— Data section —
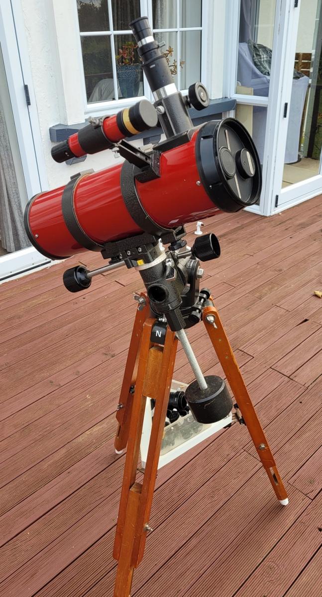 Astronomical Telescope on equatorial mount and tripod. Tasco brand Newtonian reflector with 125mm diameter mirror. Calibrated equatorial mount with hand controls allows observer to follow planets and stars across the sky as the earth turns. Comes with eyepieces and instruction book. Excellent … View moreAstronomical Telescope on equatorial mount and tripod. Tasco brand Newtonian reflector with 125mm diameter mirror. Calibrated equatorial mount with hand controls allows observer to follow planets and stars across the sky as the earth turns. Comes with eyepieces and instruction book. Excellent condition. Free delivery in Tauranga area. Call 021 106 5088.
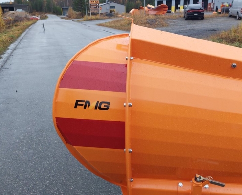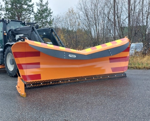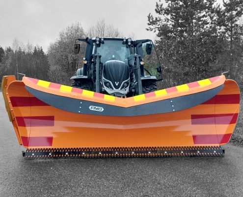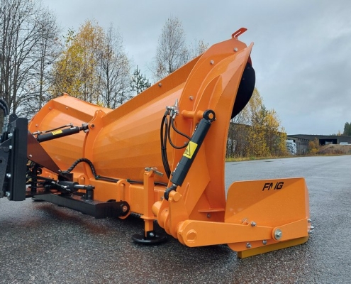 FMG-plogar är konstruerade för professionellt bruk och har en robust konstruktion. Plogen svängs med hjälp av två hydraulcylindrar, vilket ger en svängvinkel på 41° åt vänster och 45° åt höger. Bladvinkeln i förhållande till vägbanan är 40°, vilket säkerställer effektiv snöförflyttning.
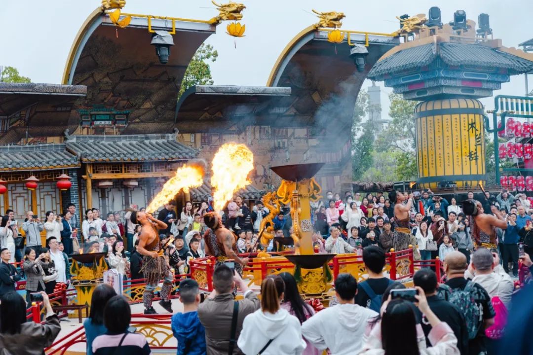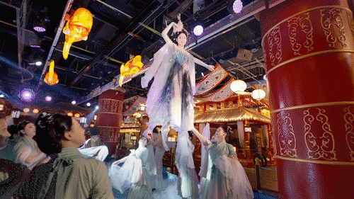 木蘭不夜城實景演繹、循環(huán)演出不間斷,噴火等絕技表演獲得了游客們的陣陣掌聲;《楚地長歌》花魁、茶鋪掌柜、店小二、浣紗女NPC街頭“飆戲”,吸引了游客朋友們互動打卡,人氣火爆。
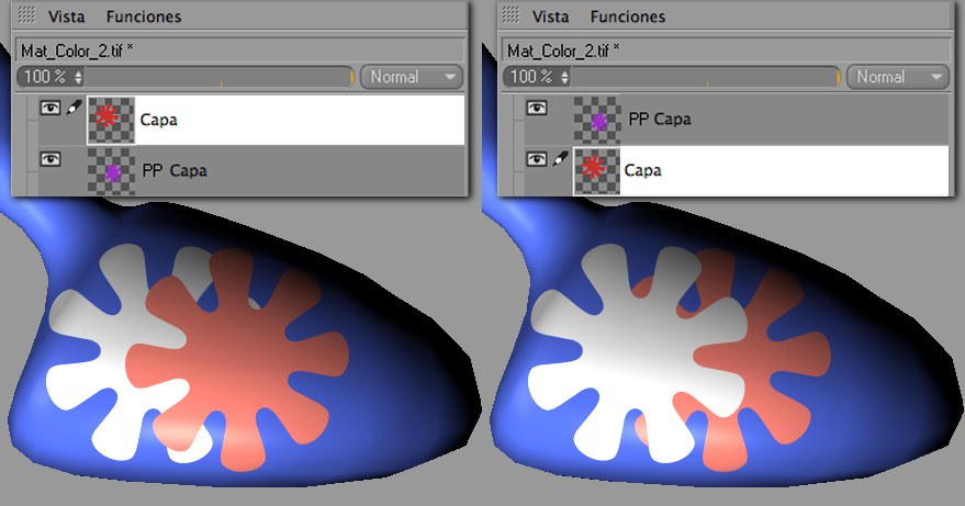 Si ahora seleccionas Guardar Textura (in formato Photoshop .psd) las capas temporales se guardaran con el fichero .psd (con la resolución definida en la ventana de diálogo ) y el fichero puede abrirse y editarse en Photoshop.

— Task brief —
Because the copy must hold no pictures, return only the lines that run from the line containing "FMG-plogar är konstruerade" to the end of the data above, each exactly as it stands.

— Worked solution —
 FMG-plogar är konstruerade för professionellt bruk och har en robust konstruktion. Plogen svängs med hjälp av två hydraulcylindrar, vilket ger en svängvinkel på 41° åt vänster och 45° åt höger. Bladvinkeln i förhållande till vägbanan är 40°, vilket säkerställer effektiv snöförflyttning.
 木蘭不夜城實景演繹、循環(huán)演出不間斷,噴火等絕技表演獲得了游客們的陣陣掌聲;《楚地長歌》花魁、茶鋪掌柜、店小二、浣紗女NPC街頭“飆戲”,吸引了游客朋友們互動打卡,人氣火爆。
 Si ahora seleccionas Guardar Textura (in formato Photoshop .psd) las capas temporales se guardaran con el fichero .psd (con la resolución definida en la ventana de diálogo ) y el fichero puede abrirse y editarse en Photoshop.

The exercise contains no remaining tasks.